I wonder if we have outgrown ourselves. I wonder if our bodies will feel like we have growing pains. I remember thinking about myself as mysterious whereas now I am tired and so sarcastic.
That sarcasm is sweet of course. These days no one can tell the difference and my sincerity comes across with peals of laughter.
I rub my Labradorite, because it is said to “dispel depression and negativity.. light in darkness” and there could not be any other moments. I listen to songs on the radio that speak of hope in love. I wonder about purchasing plane tickets to the Czech republic. I check my pulse periodically and feel like both crying and displaying no emotion. I lose my appetite and drink liters of chamomile tea, I take long walks in order to smoke and listen to music that will create a new sense of the streets that surround me. I think about how I have developed a hatred of many cities I have failed to visit which leads to my failure in understanding. Sometimes I wonder if I understand all too well and that is why I am depressed. I am taking the shape of the birds with their frantic calls and I wonder if they understand- I wonder if they too are missing far away mates who don’t sing back. Or perhaps they do and they just don’t believe.
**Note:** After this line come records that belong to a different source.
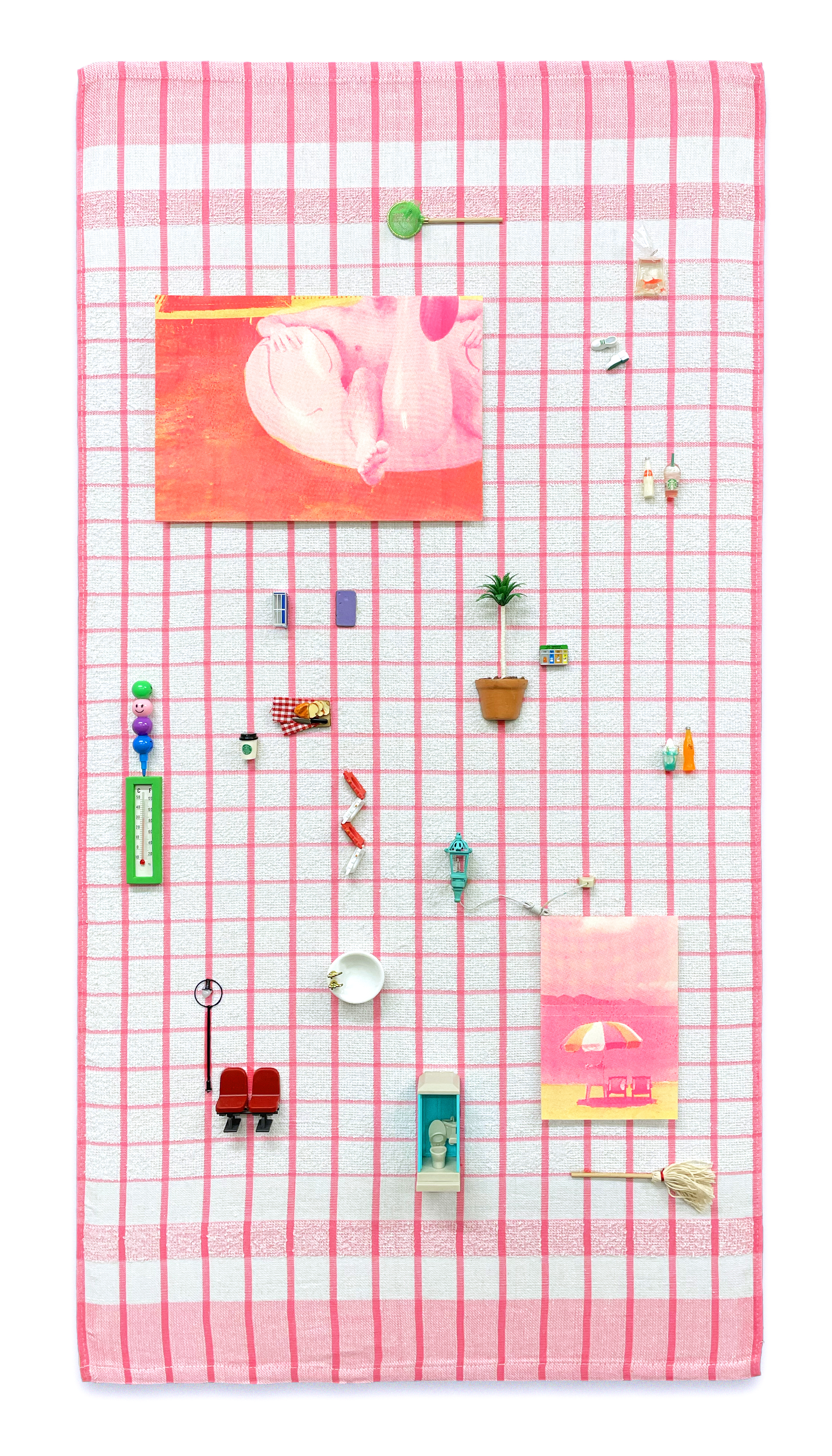 2022, Acrylic, skillscreen print on paper, towel and objects,
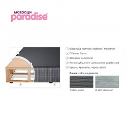 Основа Oniks Lux е подходяща както за обзавеждане на хотели, така и за дома. Тя представлява тапицирана твърда конструкция, върху която се поставя двулицев матрак. Изработена е от висококачествена иглолистна дървесина, допълнително укрепена с подсилващи ребра и фазерна плоскост. Опция: предлага се в два цветови варианта – графит или светлосиво.
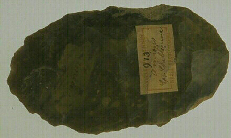 Taille par percussion ; percuteur dur puis percuteur tendre. ; Biface dont la forme générale est de type amygdaloïde, présentant une base arrondie et une extrémité distale large. L'arête est sinueuse. Traces de cortex. Le silex est de couleur brune.

I want to believe in everything but my philosophical doubts stand in the way- reality takes away the heaven and I am like a spoiled Reblochon- a cheese I have never tasted. I believe in old Slovak superstition that says when you sneeze whatever you were thinking was true. I use these sneezes as a prediction and when I feel a sneeze coming on I change my thoughts and am deeply satisfied in my misery to find out its true.
I worry like an old woman and I worry about the lines showing my age. I worry about location and time.